The ten lei banknote is one of the circulating denomination of the Romanian leu. It is the same size as the 20 Euro banknote.

The main color of the banknote is pink. It pictures, on the obverse painter Nicolae Grigorescu, and on the reverse a traditional house from Oltenia, and a detail from the Rodica painting .

The original issue was printed using the intaglio technique. On 1 December 2008, the National Bank of Romania issued a second, revised banknote. It is printed using the offset printing technique (like the one leu and five lei banknotes). The official reason was the prevention of counterfeiting. The new series shares the design with the previous series, the main difference being in the printing technique and the corresponding security features.
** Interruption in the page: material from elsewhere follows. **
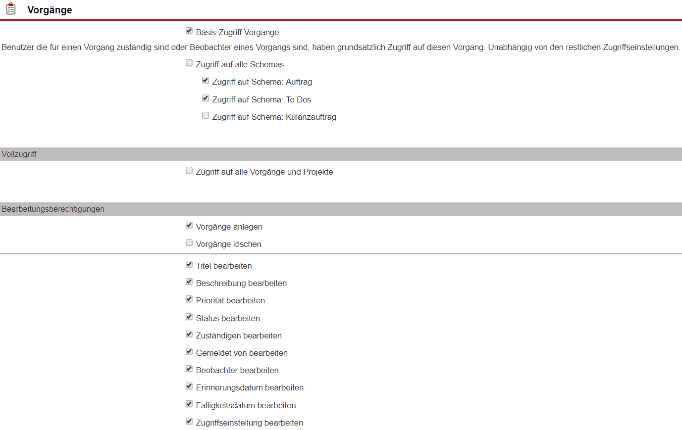 Aktivieren Sie den Basis-Zugriff für Vorgänge, so erscheinen detaillierte Einstellungsmöglichkeiten. In diesen bestimmen Sie, welche angelegten Bearbeitungsschemas ein User verwenden darf, ob er Zugriff auf alle Vorgänge/Projekte hat, nicht nur auf die, in die er selbst involviert ist. Ebenso stellen Sie hier die Bearbeitungsberechtigungen, wie z. B. Anlegen oder Löschen, ein.

As a result of the different printing technique, the second series appear lighter coloured than the first series.

History 
In the past, the denomination was also in the coin form, as follows:

First leu (1867-1947)
 banknote issue: 1877 (the hypothecary issue)
 coin issue: 1930
 banknote issue: 1944 (issued by the Red Army Comandament and circulated in 1944)

Second leu (1947-1952)
 no issues

Third leu - ROL (1952-2005)
 banknote issue: 1952, 1966
 coin issue: 1990 (re-issues: 1991, 1992), 1993 (re-issues: 1994, 1995)

Fourth leu - RON (since 2005)
 banknote issue: 2005 (redesigned issue of the former 100.000 lei banknote, whereas 100.000 third lei = 10 fourth lei; re-issue: 2008)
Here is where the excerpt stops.